GitHub - jyojay/Crowdfunding_ETL: ETL Project

Crowdfunding_ETL

Project Team 8: Jyotsna Jayaraman, Asha Kozak and Katharine Tamas

In this scenario, our team has built an ETL (Extract, Transform, Load) Pipeline utilising Python, Pandas and Regular Expressions. We also employed Python dictionary methods as an alternative to Regular Expressions. Subsequently, we generated CSV files from the transformed data. An Entity Relationship Diagram (ERD) was created, along with a table schema, before uploading the data into a Postgres database.

Repository Folders and Contents:

Resources:
- crowdfunding.xlsx
- contacts.xlsx
- campaign.csv
- category.csv
- contacts.csv
- subcategory.csv
Screenshots:
- Select_output_campaign_1.png
- Select_output_campaign_2.png
- Select_output_campaign_3.png
- Select_output_category.png
- Select_output_contacts.png
- Select_output_subcategory.png
- Tables_constraints_screen_shot1.png
- Table_constraints_screen_shot2.png
- Schema_Upload.png
ELT_Mini_Project_JJayaraman.ipnynb
ELT_Mini_Project_JKozak.ipnynb
ELT_Mini_Project_JTamas.ipnynb
ERD_crowdfunding_db_schema.png
crowdfunding_db_schema.sql
Select_statements.sql
Populating_crowdfunding_db_tables.ipynb

About

Part 1: Create DataFrames for Category, Subcategory, Campaign, and Contacts

At the beginning, we used Jupyter Notebook to import two excel files, that were transformed and manipulated to create four dataframes.
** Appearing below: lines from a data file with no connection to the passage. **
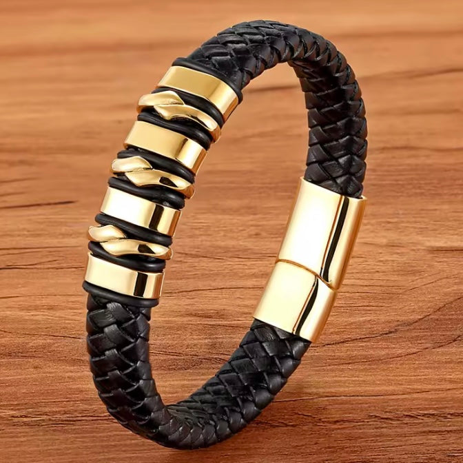 Deze unieke armband is met de hand gevlochten en bevat premium leer, afgewerkt met een goudkleurig roestvrijstalen magnetische gesp.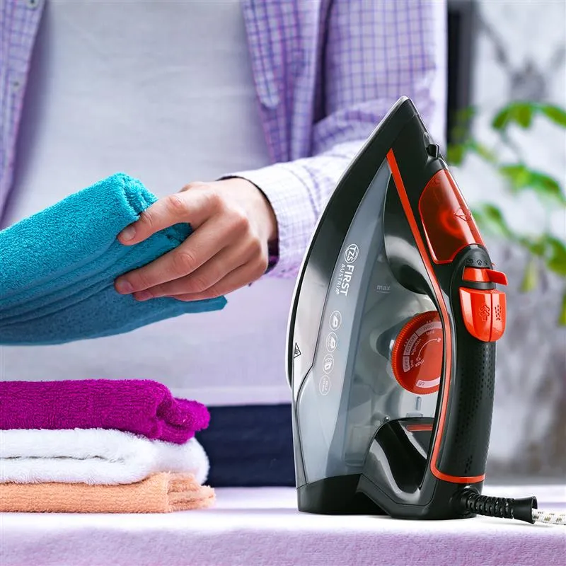 Парова праска First Austria потужністю 2200 Вт забезпечує комфортне та легке розгладження будь-яких типів тканин. Керамічна підошва легко ковзає по поверхні, не залишаючи заломів, а інтенсивна подача пари — до 30 г/хв — дозволяє ефективно справлятися як з тонкими, так і з щільними матеріалами. Для складних ділянок передбачені функції розпилення води і сухого прасування. 49 отворів рівномірно розподіляють пару по всій підошві, прискорюючи процес обробки великих обсягів тканини.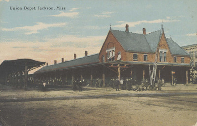 A color illustration of the Union Depot in Jackson, Mississippi is featured on this postcard. The depot buildings is depicted to the right with several people standing near it and some on the tracks beside it. A covered platform is on the left side of the image. The title of the card is printed in the upper left of the image. "With love to Auntie from Amy" is written in pencil on the back.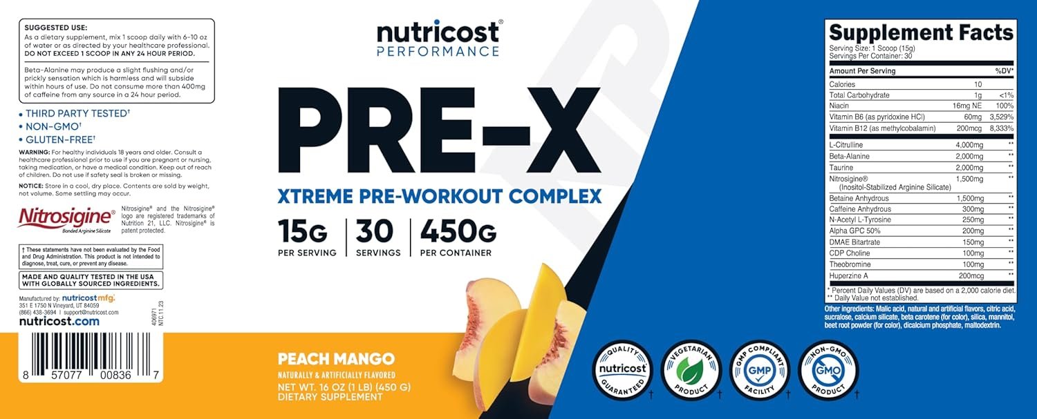 Get the power and endurance you need to crush your fitness goals with Nutricost Pre-X Xtreme Pre-Workout Complex – Peach Mango.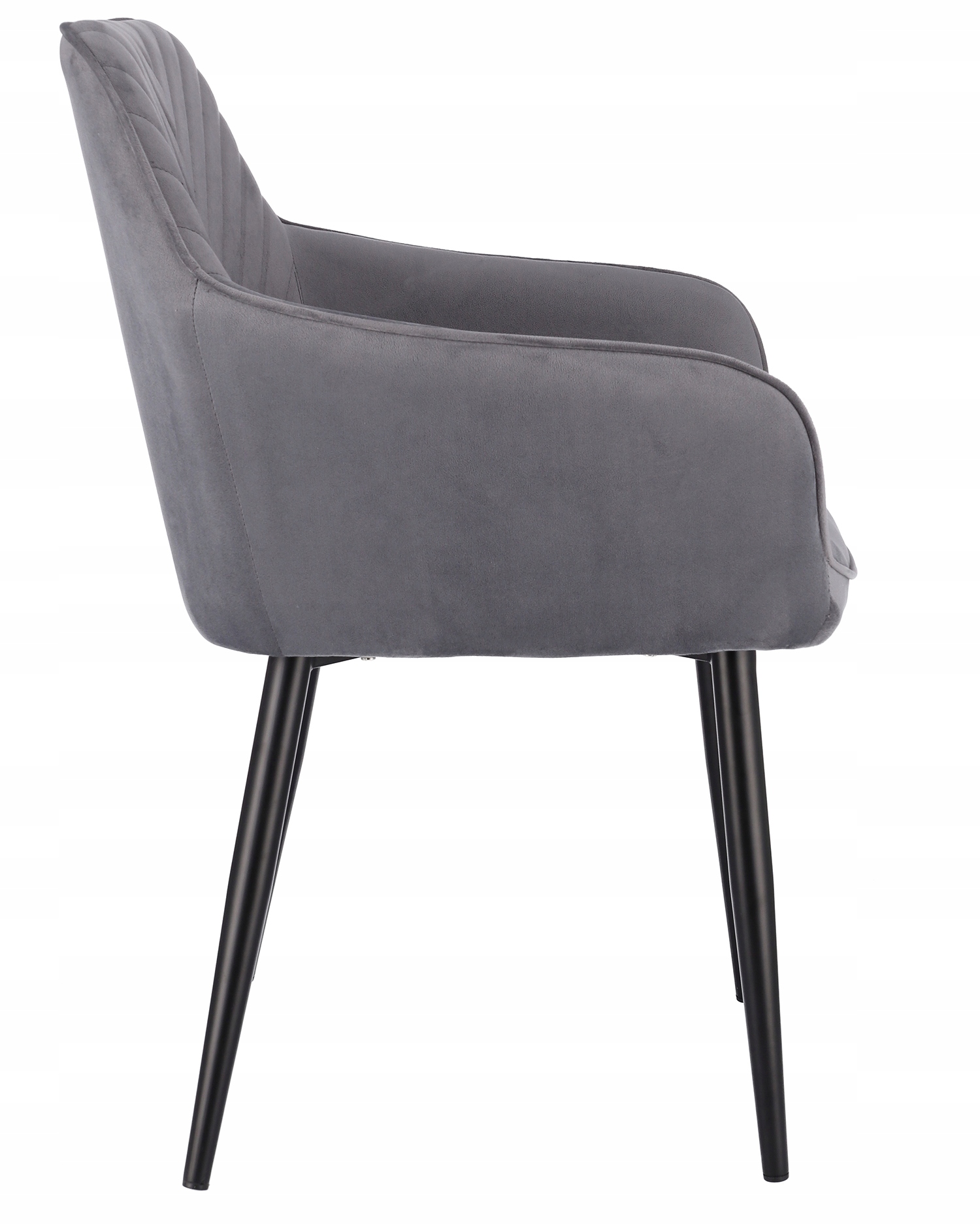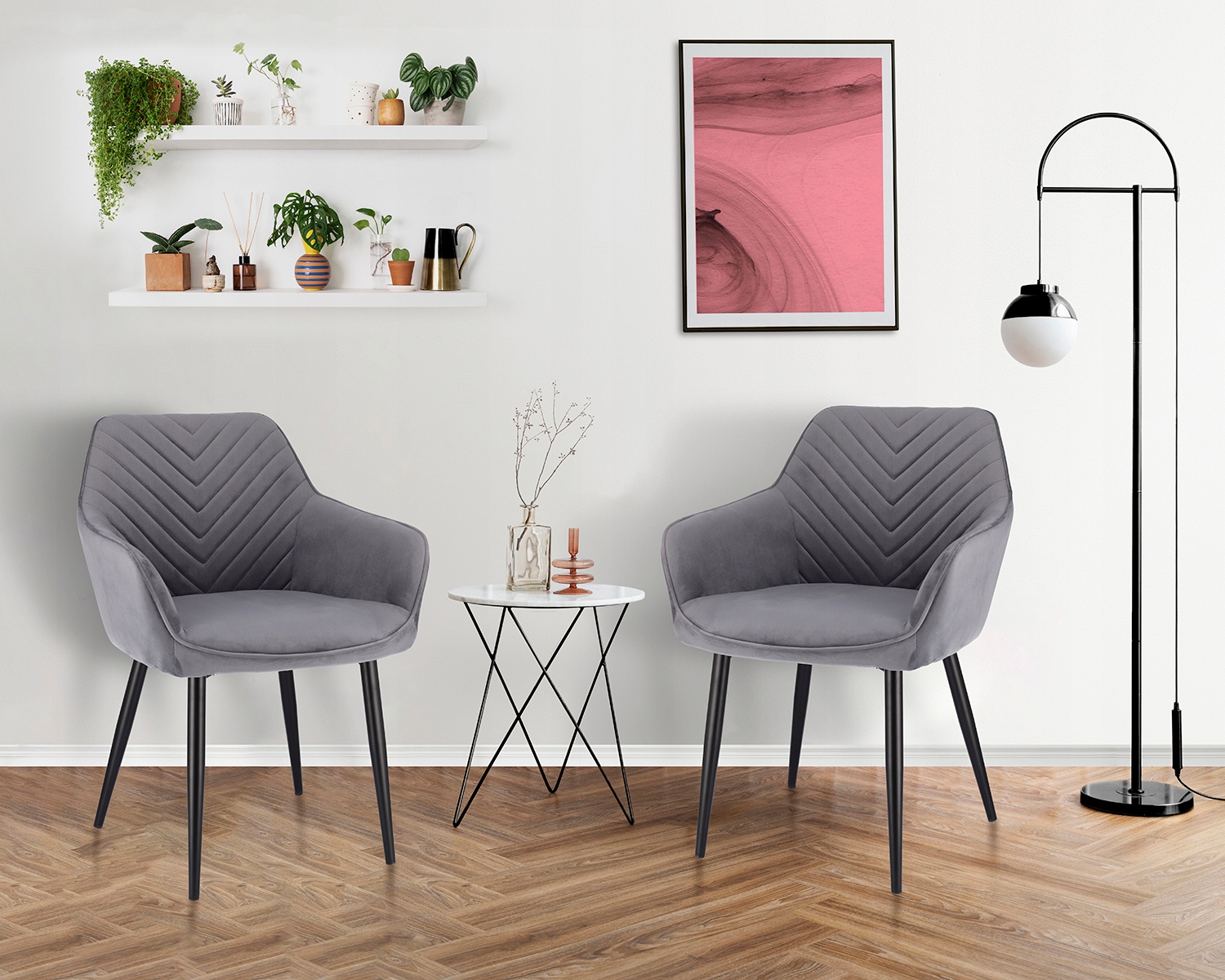 ➡️ Solidne, welurowe krzesło wyposażone zostało w miękkie siedzisko oraz wysokie oparcie z ozdobnymi pikowaniami we wzór jodełki. Całość wygląda lekko za sprawą smukłych czarnych nóżek, które nadają wizualnej lekkości, a zarazem zapewniają idealną stabilność.

These dataframes were then exported into csv files. *Note: For creating contact.csv file we chose Option no. 2 (regular expressions).

Resource Files We Used:

crowdfunding.xlsx
contacts.xlsx

Our Jupyter Notebook Python Scripts:

ELT_Mini_Project_JKozak.ipnynb
ELT_Mini_Project_JTamas.ipnynb
ELT_Mini_Project_JJayaraman.ipnynb

Files We Created:

category.csv
subcategory.csv
contacts.csv
campaign.csv

Tools/Libraries We Imported:

pandas library: for data manipulation and analysis
numpy library: used for numerical computations
re library: used for regular expressions to search and manipulate strings in python

Part 2: Create the Crowdfunding Database

In this section, using QuickDBD, we sketched an ERD to form a table schema of the four csv files we created in Part 2 above. We identified the dependencies between each table (primary and foreign keys), their relationships (one-one/one-many, many-one) and the relevant datatypes for each column.

Files We Created:

Schema: crowdfunding_db_schema.sql
ERD Diagram: ERD_crowdfunding_db_schema.png

ERD Diagram:

Part 3: Import Data into Crowdfunding Database

Lastly, we created a SQL database (crowdfunding_db) in Postgres through pgAdmin. Table Schema sql file generated through our ERD diagram in QuickDBD was uploaded to create table structure and dependencies. csv files generated in Part 1 were imported into relevant tables using python code using python SQLAlchemy in Juypter Notebook. Select queries were run both in pgAdmin and python.

Resource Files We Used:

campaign.csv
category.csv
contacts.csv
subcategory.csv

Our Jupyter Notebook Python Script:

Populating_crowdfunding_db_tables.ipynb

Our SQL Script with SELECT statement used in pgAdmin:

Select_statements.sql

Tools/Libraries We Imported:

pandas library: for data manipulation and analysis
sqlalchemy library: provides the SQL toolkit and Object-Relational Mapper (ORM) functionality. The create_engine function is to create a database engine to connect with the database in order to interact with the database, and perform operations such as SQL queries

Screen shots:

Successful schema upload
Table dependencies/constraints successfully created on schema upload

Data from each table displayed successfully using SELECT * statement in pgAdmin (Please reference Populating_crowdfunding_db_tables.ipynb Jupyter notebook showing success of data upload and results of SELECT * statements using python)
- Category Table
- Subcategory Table
- Contacts Table
- Campaign Table

Getting Started

Programs/software we used:

Jupyter Notebook: used for python coding in sections.
Microsoft Excel: to view csv files. Should be available by default on all PCs.
QuickDBD: to sketch an ERD of the tables for the data contained in the csv files. (http://www.quickdatabasediagrams.com/) No need to register, diagram can be generated on the website for free.
PostgreSQL: is a relational database management system (RDBMS). An RDBMS consists of tables and their predefined relationships. Postgres stores the data. Refer to "Installing" section below.
pgAdmin: The pgAdmin tool functions as the window into the database. It's where queries are written, run and then the results of running them are reviewed. pgAdmin provides access to that data. Refer to "Installing" section below.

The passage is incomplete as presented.